When Benjamin Ide Wheeler came to Berkeley to assume the presidency of the university, Frank Wilson sold him a large lot at 1820 Scenic Avenue, across the street from Wilson’s own house. It was Wilson who engaged the architect A.E. Matthews and the contractor Dingwell Brothers to build Wheeler’s shingled residence in 1900. Next door, at 1816 Scenic Ave., Wilson commissioned in 1902 a temporary residence (later to become the university reception hall) for Regent Phoebe Apperson Hearst. This building was designed by Ernest Coxhead, who went on to design Mrs. Hearst a more permanent residence around the corner, at 2368 Le Conte Avenue. All three houses are still standing.

On the Ridge Road side, Wilson sold a lot to U.C. Supervising Architect John Galen Howard, who built his home at no. 2420 in 1902. Next door and across the street, Howard designed homes for Lucy Sprague Mitchell, the first Dean of Women at U.C., and for her brother-in-law, economics professor Adolph C. Miller. Of the three houses, only the Miller residence survived the 1923 fire. It is now an USCA residential co-op called Ridge House.


Wilson house and neighboring residences in 1911 (Sanborn maps)

After the 1923 fire, various seminaries esablished themselves in the vicinity (the land was cheap), hence the moniker Holy Hill. The Wilson plot remained in private hands, and by the late 1950s, both USCA and U.C. were vying for it. The university wanted to build a parking structure at Hearst and Scenic and a string of buildings to its north. USCA had more grandiose plans; as recounted in its official history, the architects Ratcliff & Ratcliff presented a design for the following USCA complex in 1959:
A three-winged high-rise men’s residence unit spoked around a living-center hull would tower twelve stories above Ridge and Scenic. An eight-floor hall for women would squat in the present location of Ridge House. Between these two massive structures a central kitchen, office, and dining room edifice would sit.

The university stopped USCA’s plan. It built the parking structure, but nothing more.

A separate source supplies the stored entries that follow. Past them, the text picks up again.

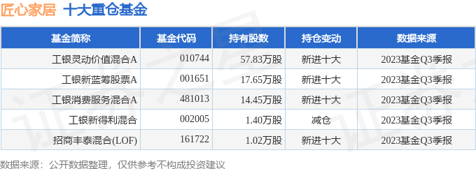 持有匠心家居最多的基金为工银灵动价值混合A,目前规模为9.55亿元,最新净值0.7934(10月27日),较上一交易日上涨1.59%,近一年上涨0.3%。该基金现任基金经理为王筱苓 陈小鹭。
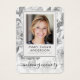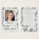 This simple, black and white prayer card has a floral pattern with butterflies.
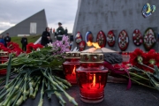 Несколько десятков лампад выстроились на постаменте Вечного огня и образовали слово "Помним". Собравшиеся почтили память всех, кто участвовал и погиб в самой страшной войне XX века.
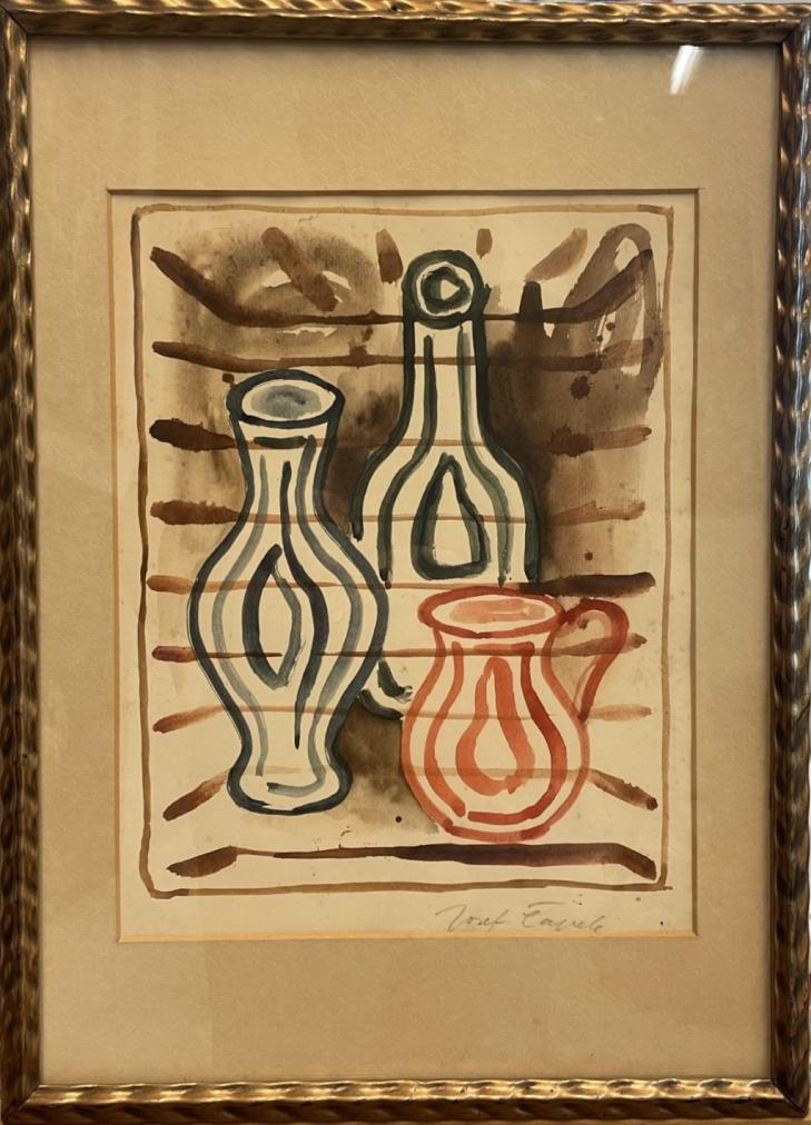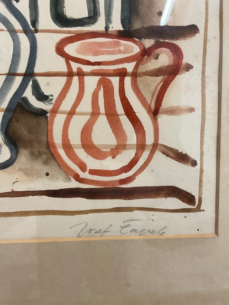 Rozměr obrazu 25 x 30 cm, včetně rámu 33 x 45 cm, za sklem, akvarel na papíře signováno v pravé dolní části " Josef Čapek " .

The GTU Library history tells us:
The site for a new library building at the corner of Ridge and Scenic was purchased from the American Baptist Seminary of the West and the San Francisco Theological Seminary. The lot was known as the “Wilson Property.” [...]

In 1972, the architect, Louis I. Kahn was chosen to design a library and administration building. [...] (The drawings for Louis Kahn's original design for the library are at the Architectural Archives of the University of Pennsylvania.) Kahn completed preliminary designs, but died suddenly in 1974. The GTU then selected the architectural firm of Peters, Clayberg and Caulfield, in association with Esherick, Homsey, Dodge, and Davis, to carry on the project Kahn inspired.

The process for building permits was difficult. Neighborhood and student groups opposed the new construction. After many delays, permits were granted, the existing structure demolished and the site prepared. It was now 1979, and the building fund was not enough to cover the cost. The GTU Board of Trustees decided to build the library in two Phases. Phase I construction consisting of the basement and Level I began in 1979, and was completed in 1981. [...] Phase II construction of Levels II, to complete the Library, and III, to house GTU administration offices, began in 1985 and was completed 1987.